Treating Experimental Arthritis with the Innate Immune Inhibitor Interleukin-37 Reduces Joint and Systemic Inflammation
IL-37, a member of the IL-1 family, has recently been characterised as a fundamental inhibitor of innate inflammation. This study examines the effects of recombinant IL-37 on joint inflammation and pathology in a mouse model of arthritis, and also explores its potential in the treatment of human joint inflammation.
In this mouse model of experimental arthritis, short-term, low-dose treatment with IL-37 suppressed joint and systemic inflammation. Wild-type mice received three intraperitoneal doses of IL-37 (1 µg per mouse), or human serum albumin as vehicle control, 24-, 12, and 2 hours before streptococcal cell wall induction of arthritis (intra-articular injection) or peritonitis (peritoneal injection).
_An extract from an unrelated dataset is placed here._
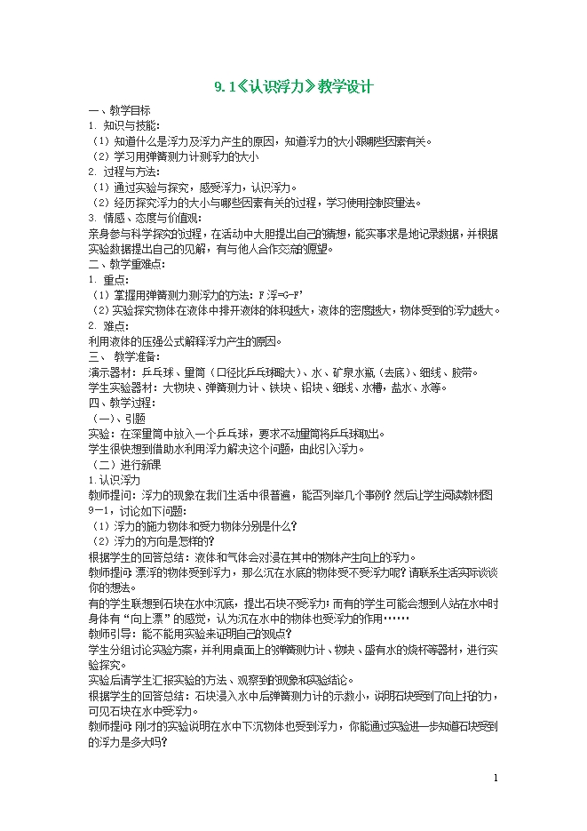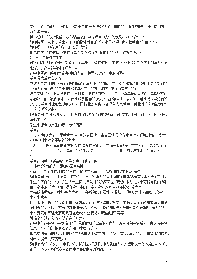 【内容简介】一、教学目标 1. 知识与技能: (1)知道什么是浮力及浮力产生的原因,知道浮力的大小跟哪些因素有关。 (2)学习用弹簧测力计测浮力的大小 2. 过程与方法: (1)通过实验与探究,感受浮力,认识浮力。 (2)经历探究浮力的大小与哪些因素有关的过程,学习使用控制变量法。 3. 情感、态度与价值观: 亲身参与科学探究的过程,在活动中大胆提出自己的猜想,能实事求是地记录数据,并根据实验数据提出自己的见解,有与他人合作交流的愿望。 二、教学重难点: 1. 重点: (1)掌握用弹簧测力测浮力的方法:F浮=G-F’ (2)实验探究物体在液体中排开液体的体积越大,液体的密度越大,物体受到的浮力越大。 2. 难点: 利用液体的压强公式解释浮力产生的原因。 三、 教学准备: 演示器材:乒乓球、量筒(口径比乒乓球略大)、水、矿泉水瓶(去底)、细线、胶带。 学生实验器材:大物块、弹簧测力计、铁块、铅块、细线、水槽,盐水、水等。 四、教学过程: (一)、引题 实验:在深量筒中放入一个乒乓球,要求不动量筒将乒乓球取出。 学生很快想到借助水利用浮力解决这个问题,由此引入浮力。 (二)进行新课 1.认识浮力 教师提问:浮力的现象在我们生活中很普遍,能否列举几个事例?然后让学生阅读教材图9—1,讨论如下问题: (1)浮力的施力物体和受力物体分别是什么? (2)浮力的方向是怎样的? 根据学生的回答总结:液体和气体会对浸在其中的物体产生向上的浮力。 教师提问:漂浮的物体受到浮力,那么沉在水底的物体受不受浮力呢?请联系生活实际谈谈你的想法。 有的学生联想到石块在水中沉底,提出石块不受浮力;而有的学生可能会想到人站在水中时身体有“向上漂”的感觉,认为沉在水中的物体也受浮力的作用•••••• 教师引导:能不能用实验来证明自己的观点? 学生分组讨论实验方案,并利用桌面上的弹簧测力计、物块、盛有水的烧杯等器材,进行实验探究。

IL-37-treated mice exhibited a 51.7% reduction in the severity of arthritis compared with vehicle-treated mice (P<0.01). However, treatment with IL-37 in IL-1R8-deficient mice did not reduce synovial cytokine levels or improve joint inflammation or swelling, suggesting that the IL-1R8 receptor is required for IL-37 to have its anti-inflammatory effect.
Examination of IL-37 and IL-1R8 gene expression in the synovia of patients with RA showed that ILR-1R8 expression but not IL-37 is increased. This presents an opportunity for therapeutic use of exogenous IL-37 in human joint inflammation.
This study demonstrates a rationale for using recombinant IL-37 in the treatment of arthritis.